Снова ягуар попал под острые, словно железные, когти муравьеда, и враги яростно сцепились, катаясь по земле. Прошло две минуты. Послышался хруст костей и тяжелое хрипенье. Муравьед разжал когти и выпустил ягуара, но и сам остался лежать на земле без движения; ягуар валялся на траве с распоротым животом, сотрясаемый предсмертными судорогами.
Робен, Андрэ и Казимир подошли к мертвым зверям.
— Все хорошо, что хорошо кончается, — сказал Андрэ. — Муравьед оказался тут очень кстати, ведь ягуар мог бы, пожалуй, напасть на нас.
Робен улыбнулся и указал на свой тесак.
— И мы бы ему задали, — сказал он, спокойно улыбаясь. — Я уже проучил одного, теперь был бы другой. Надо, однако, снять с обоих борцов их пышные шубы, они пригодятся нам дома вместо ковров.
— А это что за зверь? — спросил вдруг Андрэ, увидав маленького зверька ростом с кролика, робко прятавшегося в траве.
— Это маленький таманду, муравьед, — сказал Казимир.

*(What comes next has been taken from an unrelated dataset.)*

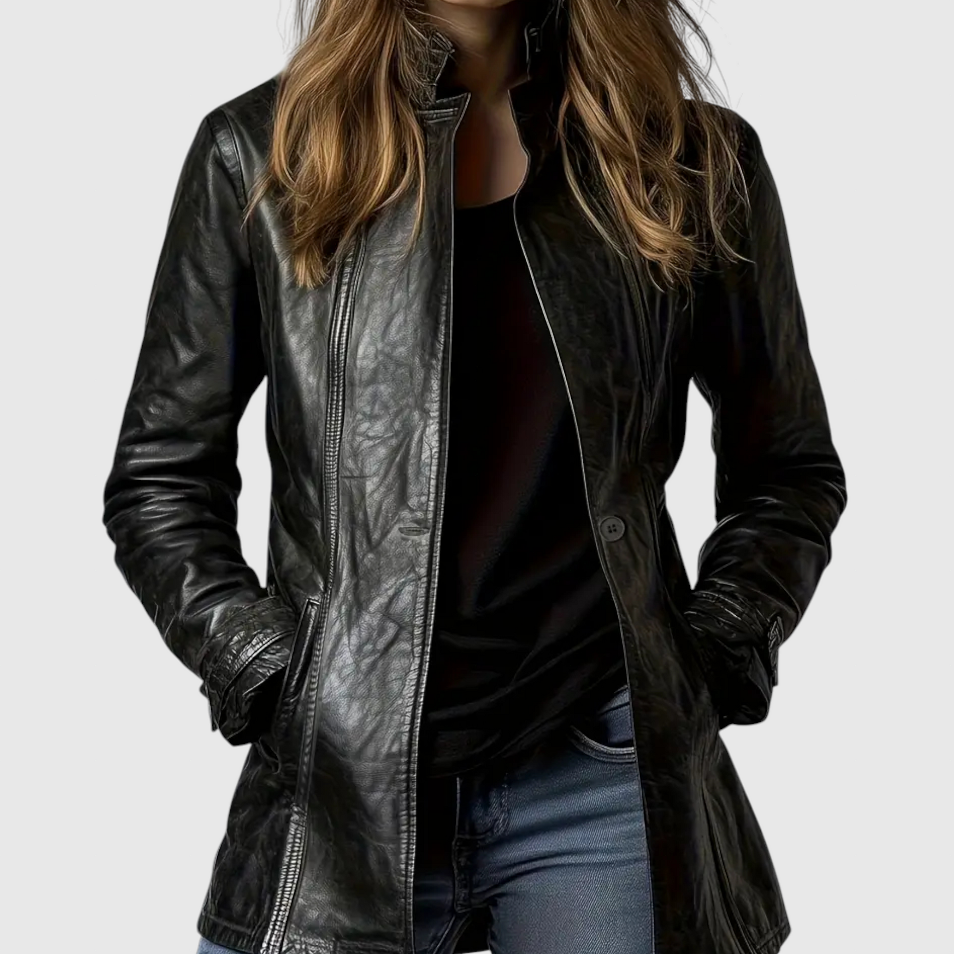 Adelina - Kožený kabát z italské kůže s knoflíky
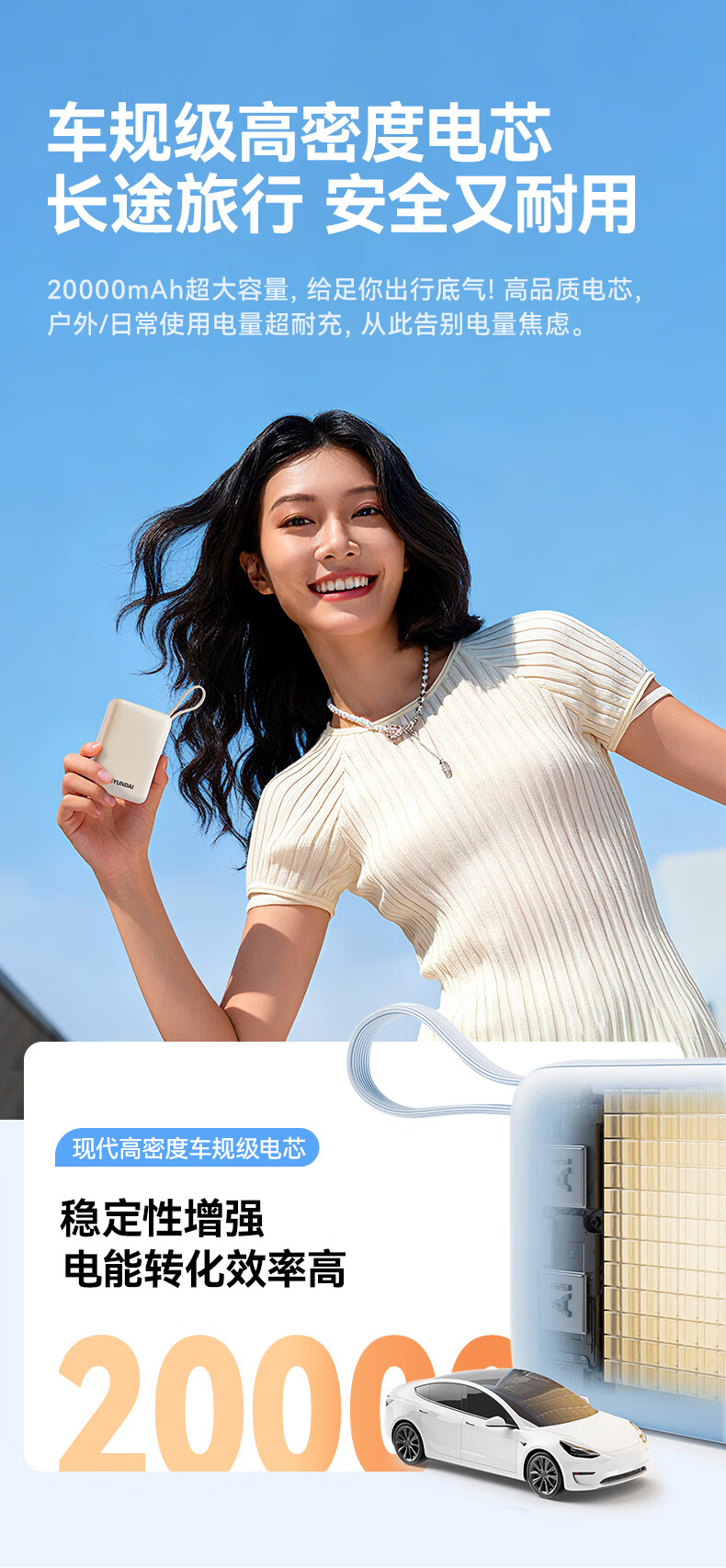 倍魔充电宝20000毫安自带线AC插头新国标3C认证可上飞机 22.5W快充三合一移动电源适用苹果17小米华为 2万毫安|自带双线|AC折叠插头

— Ах, бедняжка, как он испугался! Знаете что, хозяин? Ведь он — сирота. Не взять ли нам его домой? Дети будут очень рады.
— Что ж, он не помешает, — отвечал Робен. — Мы его приручим. Это будет очень интересно.
Покуда Робен сдирал кожу с ягуара, Андрэ привязал к дереву маленького муравьеда, который оказался очень кротким и смирным, и стал рассматривать труп большого.
— Вот странный зверь, — говорил он. — Так это у него голова? А где же рот? Рта вроде и нет.
— Как «нет рта»?
— По крайней мере, я вижу на конце морды лишь маленькое отверстие, из которого торчит кончик языка. Неужели это рот?
— Это рот. Да другого муравьеду и не нужно. Челюсти его срослись и образуют трубку, в которой двигается его длинный, клейкий язык, которым он ловит муравьев, чтобы есть.
— Удивительно, как это он мог справиться с ягуаром?..
— Мне тоже удивительно. И потом, я не ожидал увидеть такого большого муравьеда, это же великан среди них.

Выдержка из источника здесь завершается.